Regarding prover scalability, inspection reveals that the main bottleneck in the process is the low-degree extension part, in which each function \(\hat{f}_j\) that encodes a register gets interpolated and then evaluated on a domain of size \(\beta \cdot \mathsf{T} \). For this part we use so-called additive FFTs; in particular, libSTARK uses the recent innovative algorithm of [56] that performs this computation with \(O(\beta \mathsf{T} \log (\beta \mathsf{T}))\) arithmetic operations. All other steps of the prover’s computation are merely linear in \(|\mathsf{T} |\); in particular, the FRI computation is such.

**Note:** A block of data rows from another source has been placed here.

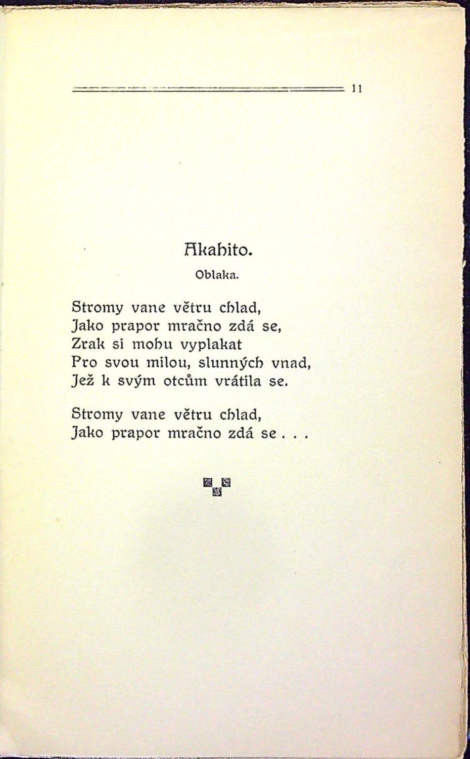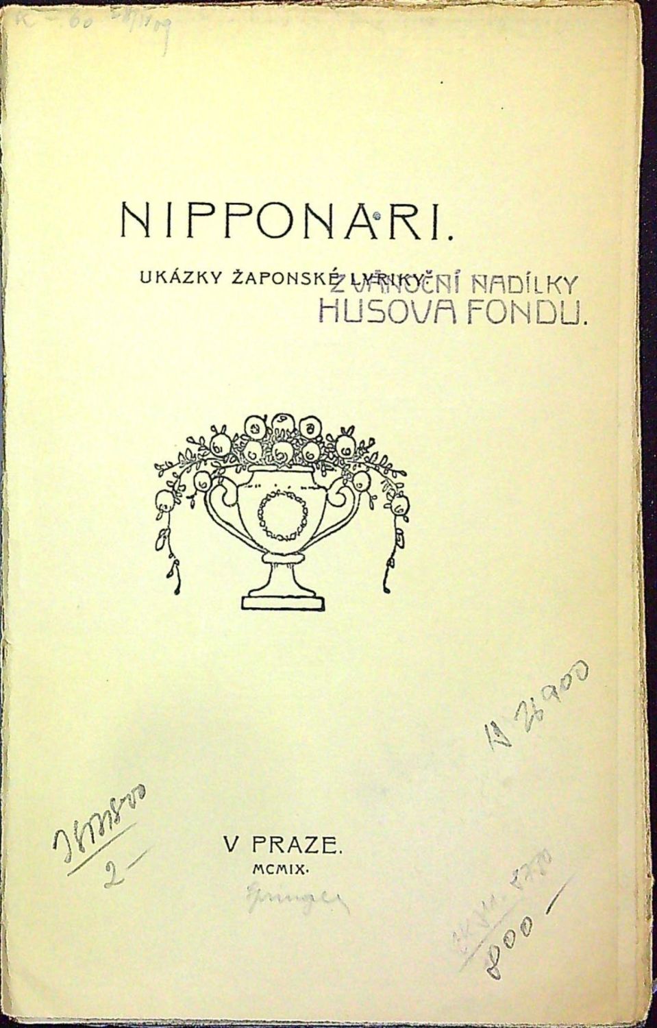 Jeden ze 400 vydaných exemplářů, tisk Em. Stivín. Dle anthologií Paula Enderlinga, Karla Florenze, Otty Hausera a j. přeložil, informačním úvodem a poznámkami opařil Emanuel z Lešehradu. Na tit. listu a jeho rubu viněty. - Původní pap. vazba při okraji přední strany lehce potrhaná, na zadní straně mírně vyšisovaná, při horním i spodním okraji hřbetu chybí kousek pap. pokryvu. Na tit. listu razítko "Z vánoční nadílky Husova fondu", na patitulu rkp. poznámky tužkou o knižních fondech, ve kterých se knížka nalézá.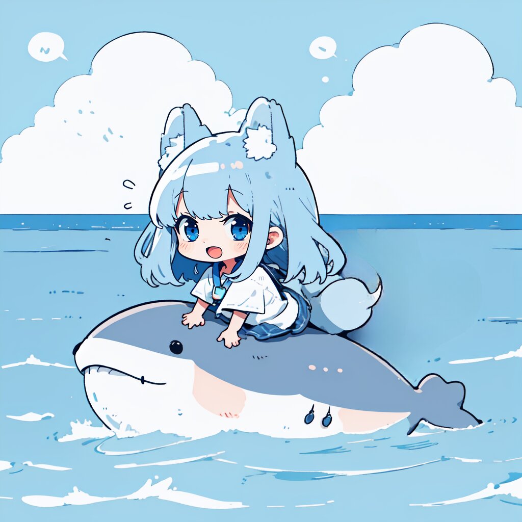 best quality, (empty eyes:-1.0), solo,1girl,(chibi:1.4),wolf ears, outdoors,ocean,whale, <lora:fineline_v1:1.0>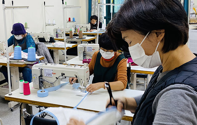 정선군종합사회복지관(관장 주상현 신부)은 지난 13일 ‘친환경 에코맘’ 프로그램 자조모임 참여자들이 제작한 턱받이 220여 개를 지역 내 노인요양시설과 장애인생활시설 4곳에 전달했다고 15일 밝혔다.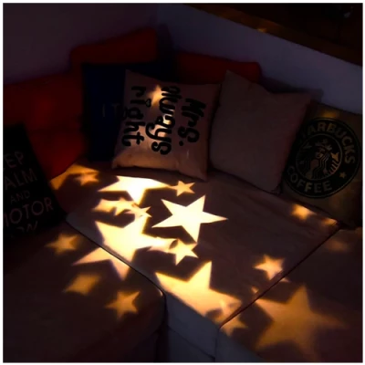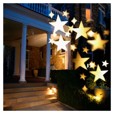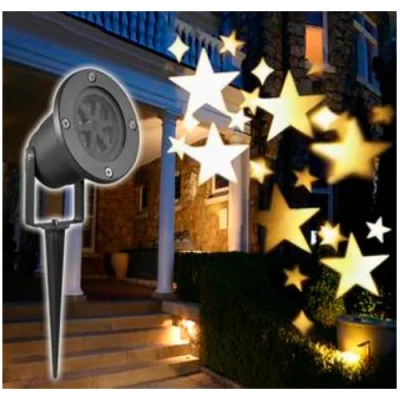 Dārza projektors ar silti balto zvaigžņu projekciju. Projektoru var pieskrūvēt pie fasādes, nolikt uz kādas virsmas vai iebūvēt zemē.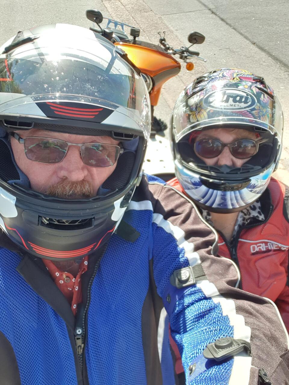 Near One Tree Hill. Cruising up around Baroossa Valley with Jake, Maddie, Kathy and myself. Got our new Sena 50 helmet communicators working great. So much better than our old ones. Super clear. NoLeggi altro

In closing we briefly mention some of the subtle issues that were glossed over in our toy example and are discussed at length in our formal proofs, and implemented in the code:

1. 1.

   The toy construction is not zero knowledge, because each entry of \(\mathbf {f}\) does reveal some information about \(y_0,y_1\). To achieve zero knowledge we slacken the degree constraint on \(f_0,f_1\), allowing the prover to sample a random polynomial that agrees with \(\hat{f}_0,\hat{f}_1\) on G, and thus hide information regarding \(y_0,y_1\) for query-limited verifiers (in a manner resembling Shamir secret sharing [74]).

2. 2.

   We did not enforce the boundary condition stating that the last entry is z. To enforce this, the verifier interpolates a polynomial corresponding to all boundary constraints (in our toy example there is only one such constraint) and “incorporates it” in the proof oracle \(\mathbf {f}\).

3. 3.

   Verifier scalability requires that \(\mathsf{Zero} _G\) be computed efficiently. This is indeed the case (because G is a subgroup of \(\mathbb {F} \)), and holds also for additive subgroups (as implemented by libSTARK [10]).

4. 4.

   The toy computation does not make use of random memory access (RAM); maintaining scalability for programs that make significant use of RAM complicates the construction, requiring more elaborate affine graphs that embed DeBruijn switching networks; these issues are addressed by Theorem 2 and its proof.